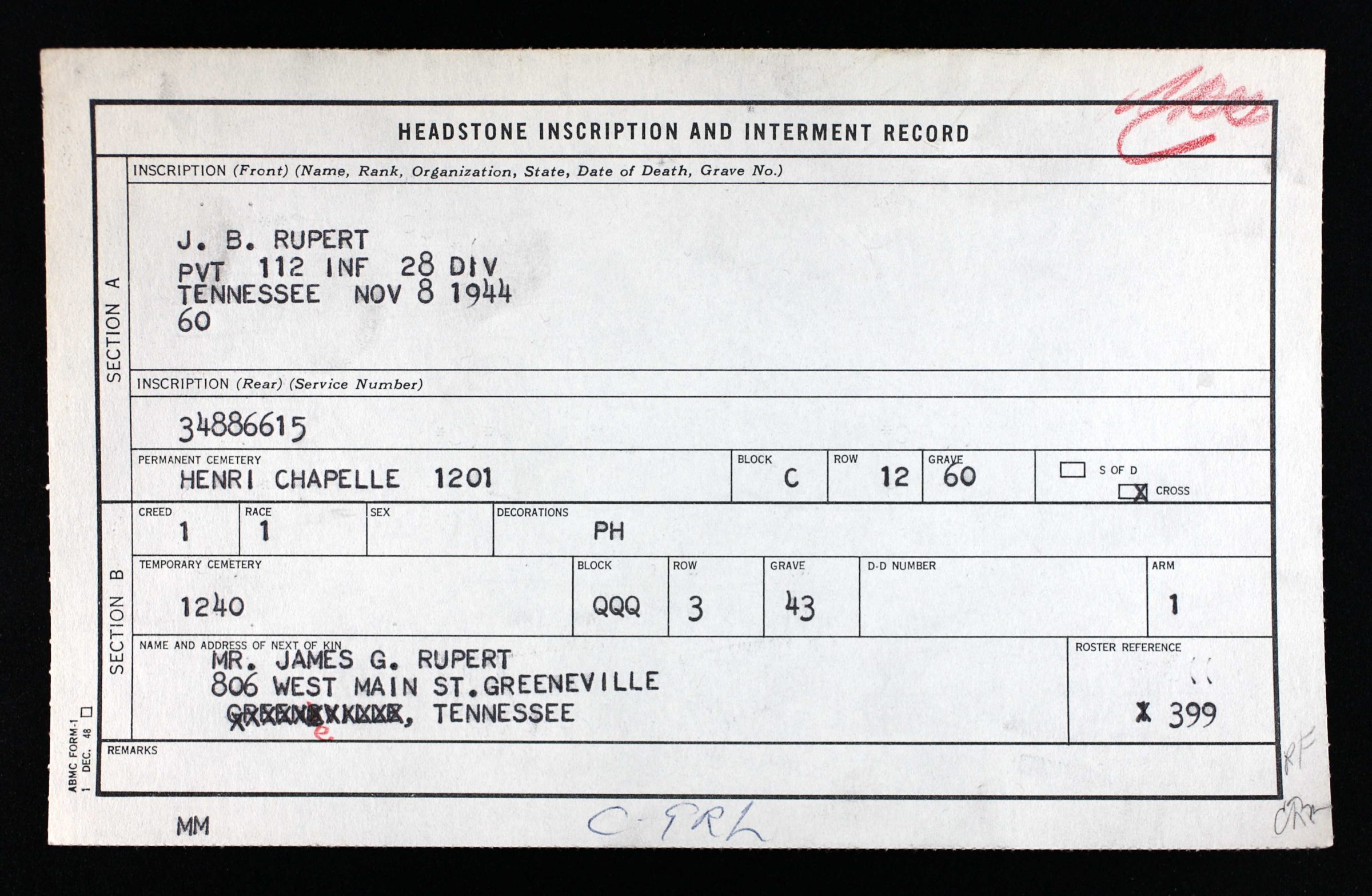 Buried at Henri-Chapelle American Cemetery, Belgium, C, 12, 60
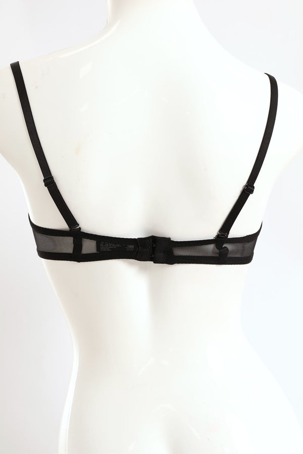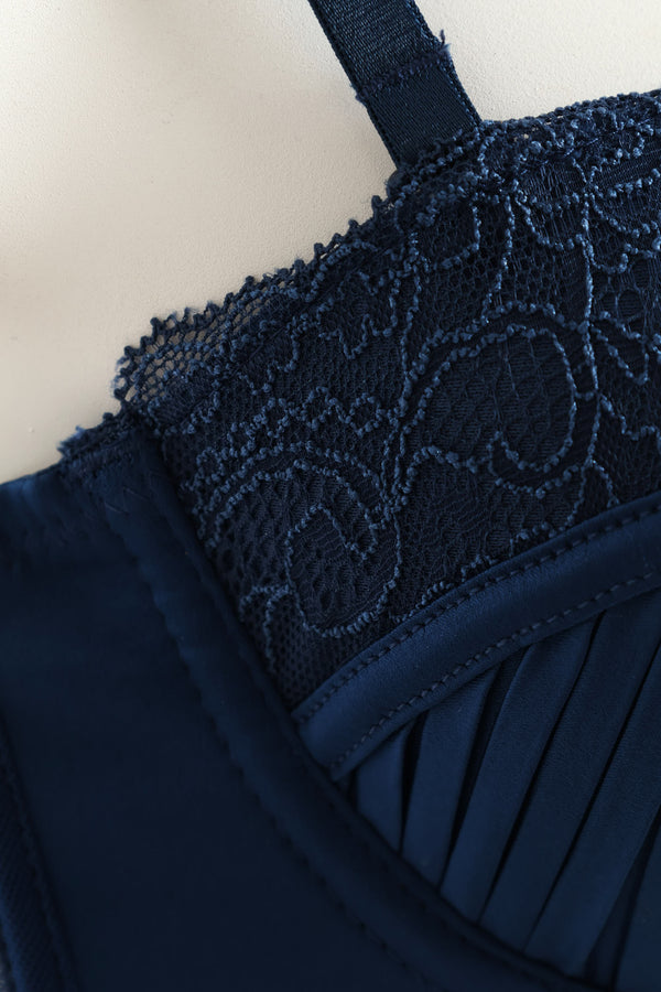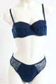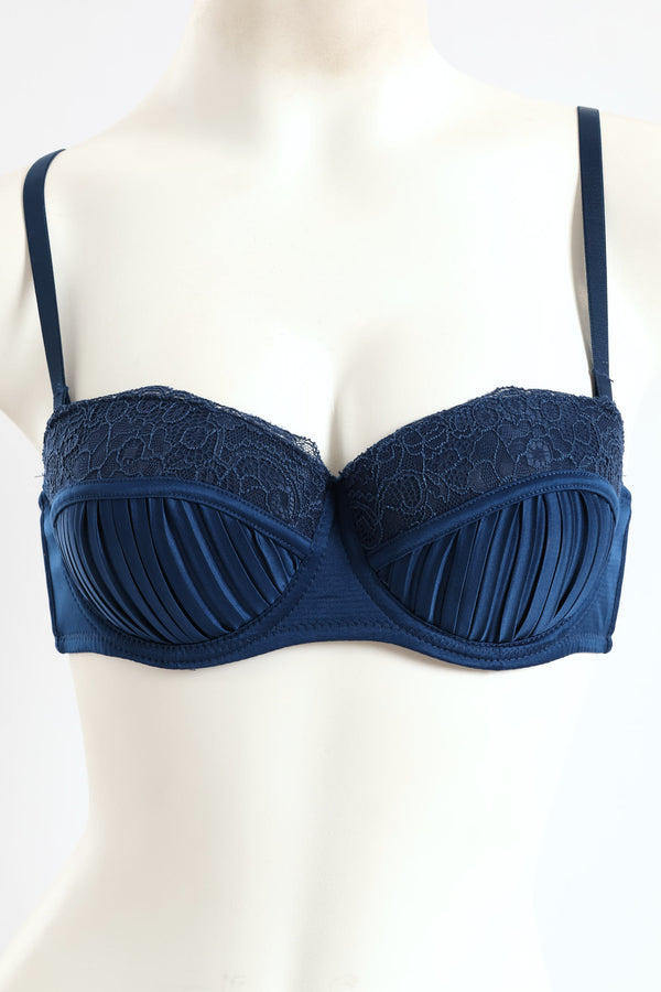 2 Pack Pleated Satin & Lace Balconette Bra - Black/Blue Pansy
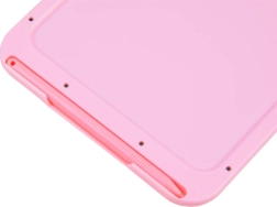 Dankzij het lichte en slanke ontwerp (ca. 25 × 14,5 × 0,9 cm) past de tablet in een rugzak of handtas. De ingebouwde stylushouder voorkomt verlies en de rubberen oortjes geven een speelse look en fijne grip. Voeding via een CR2025-batterij (inbegrepen).
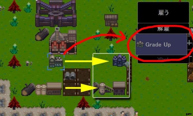 石と砂があるメイソン センターとクレイ マイナー センターを建設します。建設が完了したら、それらの建物を右クリックすると、<グレードアップ> メニューが表示されます。
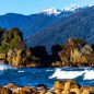 Když přijde zima do Martins Bay, slunce rozzáří zelené skály i zasněžené štíty. Tehdy si tu můžete dát tu nejlepší romantiku a sám procházet liduprázdnou krajinou od srubu ke srubu. Pojďte mlčky s námi.
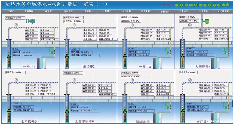 水源井远程监控系统专为解决上述难题而设计,可实现远程监测水源井的运行状态、运行参数和远程控制水泵的启停,在大大提高水源井管理效率的同时又大幅度降低了管理成本。
◇ ◇ ◇ ◇
§ **Required work**
Write out the lines of the material from the one containing "Když přijde zima" through the last, exactly and only those. Leave every picture out.

§ **Response area**
 Když přijde zima do Martins Bay, slunce rozzáří zelené skály i zasněžené štíty. Tehdy si tu můžete dát tu nejlepší romantiku a sám procházet liduprázdnou krajinou od srubu ke srubu. Pojďte mlčky s námi.
 水源井远程监控系统专为解决上述难题而设计,可实现远程监测水源井的运行状态、运行参数和远程控制水泵的启停,在大大提高水源井管理效率的同时又大幅度降低了管理成本。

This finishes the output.